En primer lugar la cooperación internacional. En segundo lugar, el Gobierno ha creado un gran consenso nacional antigobierno, que incluye sectores que antes lo miraban con complacencia, y el Gobierno está sacrificando cualquier posibilidad de ser mayoría política, que no lo ha sido nunca, sólo está fidelizando una base político-orteguista. Otra manera de ver el fracaso de Ortega es ver que habiendo empezado con las mejores condiciones que cualquier otro gobierno en los últimos 30 años, hoy nos tienen tan profundamente divididos como en los años ochenta. El único alivio es que ya no hay guerra fría y que ya no hay gente que venga a armar estos grupos.

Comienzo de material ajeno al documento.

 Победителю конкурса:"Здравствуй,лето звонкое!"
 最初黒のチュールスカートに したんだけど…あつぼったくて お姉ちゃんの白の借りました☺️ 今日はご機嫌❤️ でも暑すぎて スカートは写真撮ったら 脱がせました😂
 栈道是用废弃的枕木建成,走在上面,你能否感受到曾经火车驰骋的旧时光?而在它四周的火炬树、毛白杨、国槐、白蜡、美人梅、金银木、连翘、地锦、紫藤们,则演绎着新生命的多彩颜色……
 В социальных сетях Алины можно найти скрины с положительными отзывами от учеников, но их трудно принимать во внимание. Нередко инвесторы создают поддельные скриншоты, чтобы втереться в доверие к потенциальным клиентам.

Ahora bien, en este uso del terror de Ortega hay un falso y es creer que hay nicaragüenses más valientes que otros. Ahorita sentimos este intento de imponer el terror orteguista a partir de imponer que ellos son más valientes. Pero en Nicaragua no hay nadie ni más valiente ni más cobarde que otro. Es cuestión de momento.
::: El Gobierno podría desviar la atención en el tema electoral al hablar de injerencia.

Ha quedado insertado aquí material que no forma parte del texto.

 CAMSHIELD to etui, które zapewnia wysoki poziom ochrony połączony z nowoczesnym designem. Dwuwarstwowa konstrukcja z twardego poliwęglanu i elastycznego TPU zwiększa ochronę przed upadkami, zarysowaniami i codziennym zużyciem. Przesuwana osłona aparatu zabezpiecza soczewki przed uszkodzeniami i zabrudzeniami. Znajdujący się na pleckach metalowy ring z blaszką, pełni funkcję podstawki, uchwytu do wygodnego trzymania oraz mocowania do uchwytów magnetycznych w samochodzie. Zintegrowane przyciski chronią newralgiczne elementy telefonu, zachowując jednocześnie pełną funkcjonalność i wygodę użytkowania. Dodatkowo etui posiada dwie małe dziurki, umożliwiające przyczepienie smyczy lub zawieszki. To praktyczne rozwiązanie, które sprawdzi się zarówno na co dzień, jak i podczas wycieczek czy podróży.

Eso es parte de las pérdidas de Daniel Ortega. Pretender que éste es un país agredido, ¡tampoco es creíble! En medio de este intento de Ortega, yo lo veo fracasando. Quién va creer que aquí hay injerencismo. Lo que se repite que los que andamos en las calles somos oligarcas... éste debería ser un país lleno de oligarcas y de ricos, cuando la verdad dura es que hay más pobretería en el antisandinismo. En el sandinismo hay empresarios, profesionales, universitarios y gente pobre, pero si fuese cierto que los pobres están con Ortega, tendría el respaldo del 70 por ciento de la población de este país. La capacidad de Ortega de alcanzar más allá de su base, es nula.

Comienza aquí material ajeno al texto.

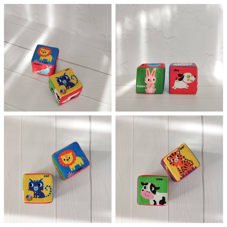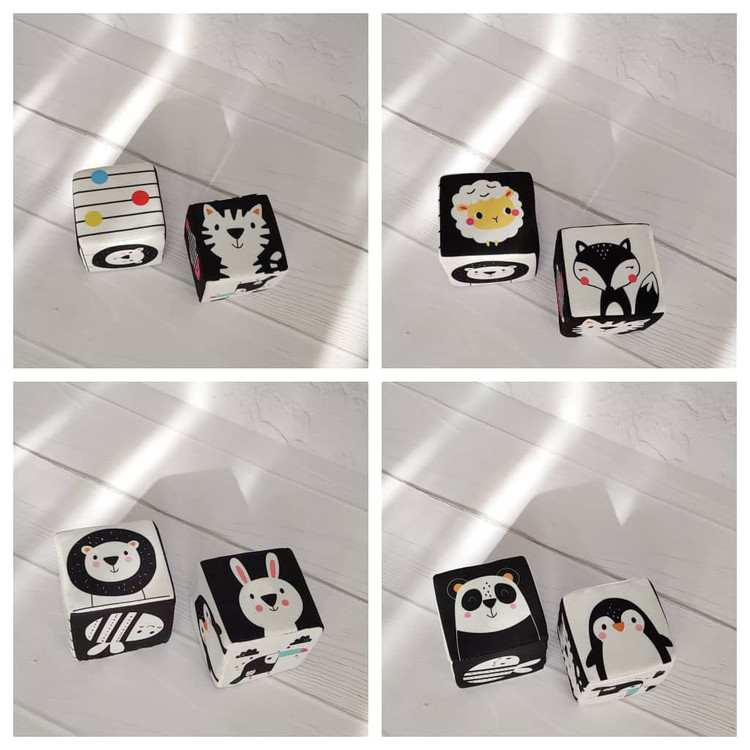 🔶️مکعب های پارچه ای سیاه و سفید و رنگی که هر پک شامل دو تا مکعب نرمالو و جذابِ که روی هر وجه مکعب اشکال بامزه از حیوانات و حشرات و ... وجود داره و داخلش جغجغه س که وقتی نی نی تکونش میده صدا میده 🎨جنس مکعب ها و پارچه ها مخمل با قابلیت شست و شو و ضد حساسیتِ،دوختش عالیه و مهم تر اینکه ایمنِ و خطر بلعیدن و پاره شدن نداره

::: ¿Le sorprenden todas esas medidas tomadas por el Gobierno?
A mí lo que me ha sorprendido son las fallas de cálculo del Gobierno. Yo no veo aquí un Gobierno dando manifestaciones de entender lo que está pasando en el país. Ellos apostaron que al quitarnos la personería jurídica íbamos a quedarnos fuera del proceso electoral y a llamar a la abstención, y se equivocaron. Apostaron a que podían ir cerrando los espacios políticos democráticos sin que surgiera un sentimiento antidictadura.
::: Bueno, pero en todo esto también tiene culpa el PLC que ha sido el aliado del Frente Sandinista.
Claro, ahí está otra falla de cálculo. Creyeron que Arnoldo Alemán podría ser la fuerza política que le permitiría llevar adelante las reformas constitucionales. ¡Hay una indignación liberal tremenda! Creyeron que después de las elecciones municipales vendrían las reformas constitucionales, pero no hay condiciones.
::: ¿Y qué más podría pasar en los próximos días?
Ellos están apostando a que el calendario de festividades enfríe las cosas. Nosotros estamos apostando a que vamos a lograr mantener un alto nivel de atención sobre el intento de fraude. Vamos a tener más movilización, más móviles y más vivas, sorpresivas.